Abstract Painting
My paintings are an exploration into colour, texture, mark making and painted matter. It is never my intention for people to see real-life objects in my paintings. There is nothing wrong with that, of course. Sometimes it is difficult to avoid connotations. In my view, the fact that everyone sees something different in the painting is a quality of a successful artwork. It is also the strength of abstract, concrete painting, which rejects representation, and operates the line, colour, form, painted matter. The process of creation becomes more important than the final result.
Operation within the substance of painting is very important to me. This is an attempt to seek an artistic language to express the essence of my works and establish communication and a relationship with the audience. This relationship decides what we experience looking at the artworks.

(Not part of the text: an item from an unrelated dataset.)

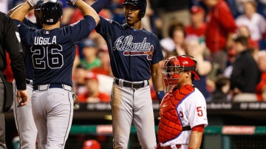 FILADELFIA (AP) -- Dan Uggla conectó dos jonrones, incluyendo un grand slam en la novena entrada que llevó a los Bravos de Atlanta a un dramático triunfo de 9-6 sobre los Filis de Filadelfia la noche del lunes. Evan Gattis también conectó un par de cuadrangulares por los Bravos, que ligaron su cuarto triunfo seguido. Los equipos se combinaron para cinco jonrones y 12 carreras en las últimas dos entradas. Gattis, Uggla y Andrelton Simmons conectaron jonrones consecutivos en la octava entrada para poner a Atlanta al frente 5-1. El batazo de vuelta entera de Domonic Brown con dos a bordo coronó una parte baja de la octava entrada de cinco carreras para Filadelfia, con lo que se fueron al frente 6-5. Pero los Bravos vinieron de atrás ante Jake Diekman (1-1). B.J. Upton recibió pasaporte, Freddie Freeman llegó a primera cuando el camarero Chase Utley intentó poner fuera en segunda a Upton y Justin Upton recibió base por bolas. En la loma de Filadelfia, los dominicanos Roberto Hernández se fue sin decisión al trabajar seis entradas en las que admitió dos carreras y cuatro hits con tres ponches y seis bases. Luis García trabajó una entrada con un ponche en labor de relevo. Luego de que Gattis se ponchó, Uggla conectó en cuenta de 0-2 ante Diekman por encima de la barda de jardín izquierdo. El venezolano Luis Avilán (3-1) terminó acreditándose el triunfo, pese a admitir cinco carreras y cuatro imparables con una base y un ponche en una entrada de labor, y David Carpenter se agenció su primer rescate. En el montículo, por Atlanta, el dominicano Ervin Santana salió sin decisión en trabajo de seis entradas en las que admitió una carrera y cuatro hits. Ponchó a 11 enemigos y dio dos boletos. Por los Bravos, el mexicano Ramiro Peña se fue de 3-1 con doblete a la ofensiva Por los Filis, el panameño Carlos Ruiz se fue de 3-0 con boleto a la ofensiva.

“Every art, which is assessed from a reasonable point of view of harmony, composition, order or disharmony, decomposition and disorder, is abstract.”
Abstraction and decoration
“If someone paints non-figuratively, they usually say that this is abstract art. But it can merely be a simple decoration that expresses nothing. Abstraction has to express something. Not to portray but just to express.” / S. Gierowski /
When does a painting become a work of art?
If a painting is in itself a mystery, has some depth to it, allows for multi-faceted emotions, expresses more than registering a fact – then it becomes a good painting, it becomes art.
Acceptance of my own creation
My paintings are painted in the studio, but they are first created in my mind. They start and end in my head, and in my head they must be accepted. It is much harder to assess a finished work in non-figurative art. There is no reference point or acceptance criteria as in figurative painting, such as resemblance or similarity to the nature.